Trouble continues to brew for Samsung, as the electronics giant is suffering from some very strange hardware failures. The recent Samsung Galaxy Note 7 battery issues were a major setback, but they are not the only devices suffering from problems. Nearly 2.8 million Samsung appliances have been called back in the US, because of various parts of washing machines coming loose all of a sudden.
What is Going On At Samsung’s Factories As of Late?
Any device containing a lithium battery can be a security risk. Given the popularity of smartphones, it was only a matter of time until incidents such as the Samsung Galaxy Note 7 would become apparent. When household appliances are starting to injure their owners, though, things are taking a significant turn for the worse.
To be more precise, close to 2.8 million appliances in the US alone are being recalled for risk of injuring their owners. One person even suffered a broken jaw, although that has not been officially confirmed at this stage. Apparently, the top parts of these appliances are at risk of coming loose, which can cause significant amounts of damage.

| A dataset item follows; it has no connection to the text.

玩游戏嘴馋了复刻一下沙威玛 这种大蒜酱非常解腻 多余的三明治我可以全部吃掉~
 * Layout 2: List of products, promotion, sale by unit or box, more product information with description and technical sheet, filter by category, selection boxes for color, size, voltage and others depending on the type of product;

So far, Samsung has received a total of 733 reports related to washing machines showing excessive vibration during the washing cycle. Keeping in mind how these devices can spin at 1400-ish RPM, major vibrations are not uncommon. That does not mean, however, that parts of the machine should come undone, as this could quickly become a life-threatening issue.
Additionally, a total of nine reports has been filed related to injuries as a result of these unruly washing machines. These reports range from the earlier mentioned broken jaw to an injured shoulder, and several other impact-based injuries. This is certainly not the news that Samsung executives need right now, as the company has gone through one PR nightmare already.

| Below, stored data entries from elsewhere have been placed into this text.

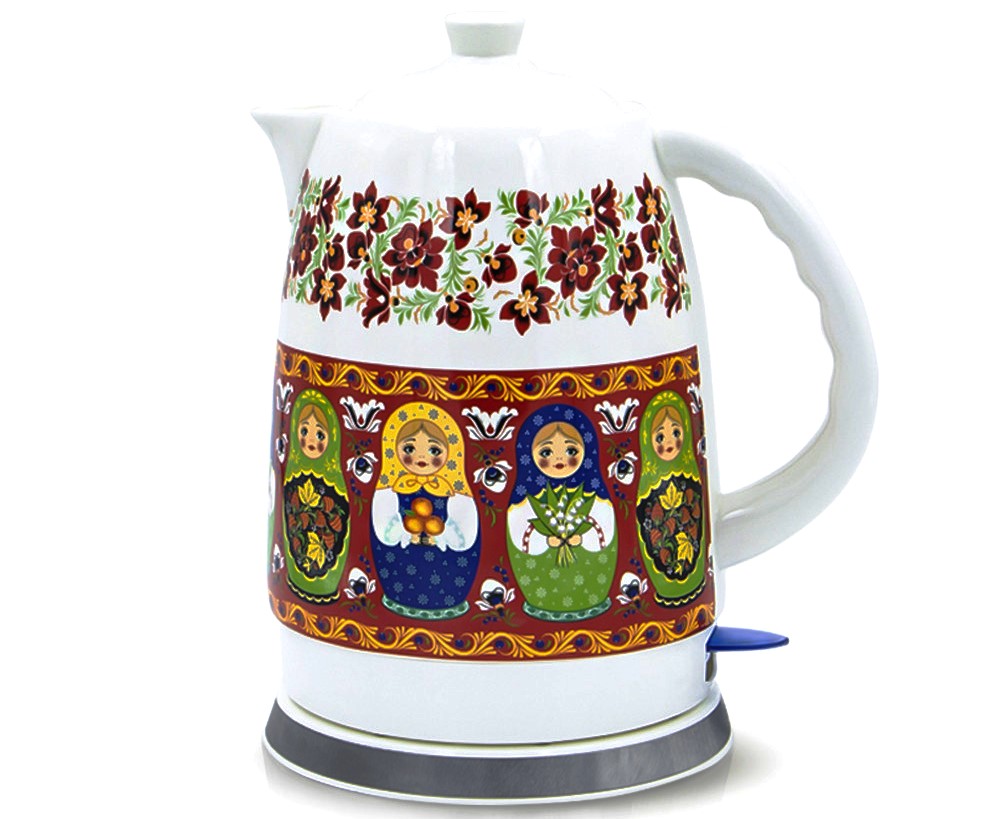 Чаепитие в России имеет многовековую традицию. Русская чайная церемония отличается обилием чая, угощений и приятной компанией. Классический вариант этой традиции – употребление черного (цейлонского, индийского и китайского) чая с молоком и сахаром. Для варианта «Чай вдвоем» и для повседневного употребления можно использовать зеленые, а также травяные и фруктовые чаи во всем их разнообразии. Электрочайник "Матрешка" изготовлена из высококачественной керамики. Он имеет красивый дизайн и станет важным элементом чаепития и украсит вашу кухню. Он имеет выключатель, который загорается во время работы и автоматически выключается.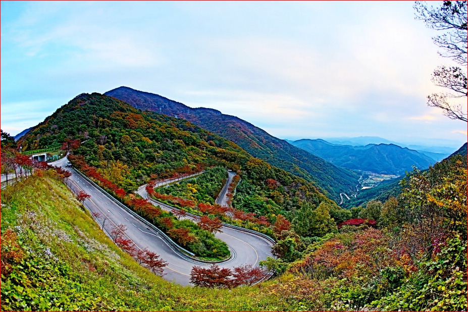 산등성이를 타고 흐르는 도로 라인과 능선을 파노라마로 담으면, 의령 대표 드라이브 코스의 광활함이 표현됩니다.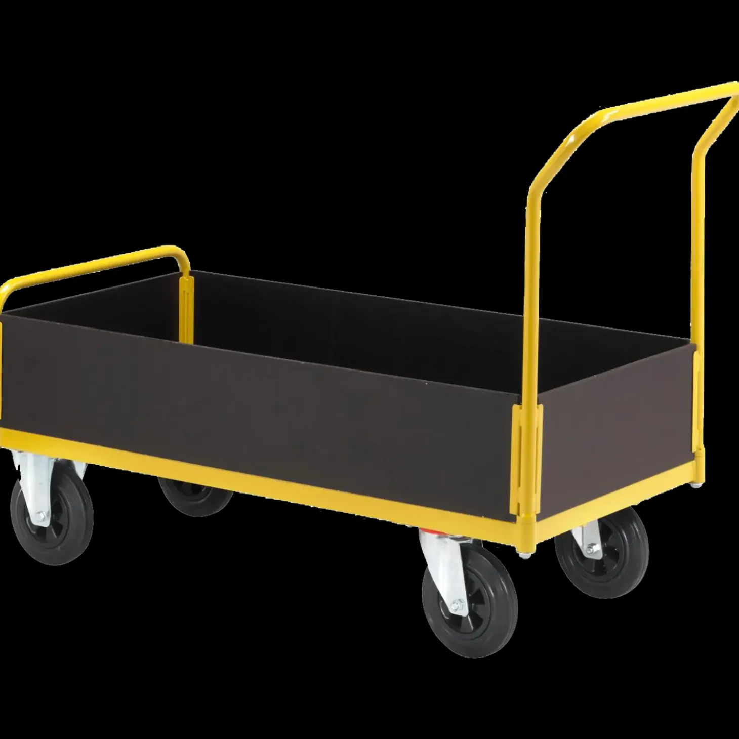 Med høje sider. 650×1250 mm. 400 kg. Hjul: 2 stk 628325 + 2 stk 628326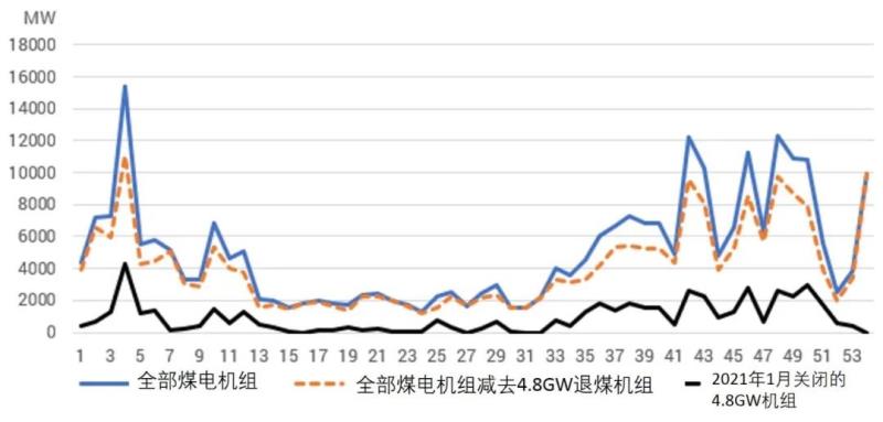 北歐電力分析機(jī)構(gòu)EnergyQuantified估算,年初關(guān)停4.8GW煤電,使得德國日前電價(jià)峰值上漲約10歐元/MWh。圖4顯示了2020年第1至53周德國煤電機(jī)組運(yùn)行容量的變化,藍(lán)色線為全部機(jī)組,黑色線則為2021年關(guān)閉的第一批4.8GW煤電機(jī)組。可以看出,在2020年的高峰時(shí)段,這些機(jī)組最高供應(yīng)了4GW的電力,一半時(shí)段有2GW在運(yùn)行,只有第二三季度的運(yùn)行容量較低。也就是說,2021年初寒潮推高德國用電負(fù)荷的時(shí)段,這些被關(guān)閉的煤電機(jī)組原本可以提供2-4GW的電力,但是現(xiàn)在只能由成本更高的機(jī)組來填補(bǔ)缺口,所以使得峰值電價(jià)更高。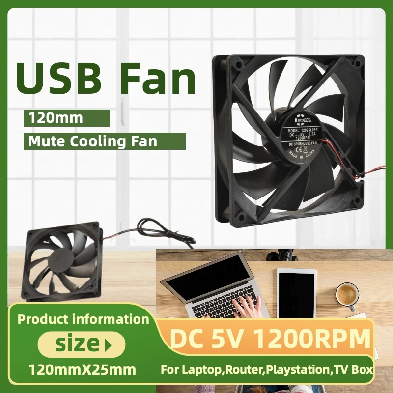 120mm 5V USB Power Cooling Case Fan for Receiver DVR Xbox TV Box Router

A total of 34 different Samsung washing machine models is affected by these problems. Affected customers need to contact the company as soon as possible to receive an in-home repair, as well as an extra year of device warranty. Another option offered is credit to be used for the purchase of a new washing machine. Surprisingly enough, this latter option can be utilized for either Samsung or other brand devices.
For now it remains to be seen if other countries around the world will need to go through similar recall procedures as well. It seems that none of the devices sold outside of North America is affected by these issues, although it is still a bit early to tell. Samsung will not have a happy end of the year at this rate, and we can only hope that the manufacturer steps up its game in 2017.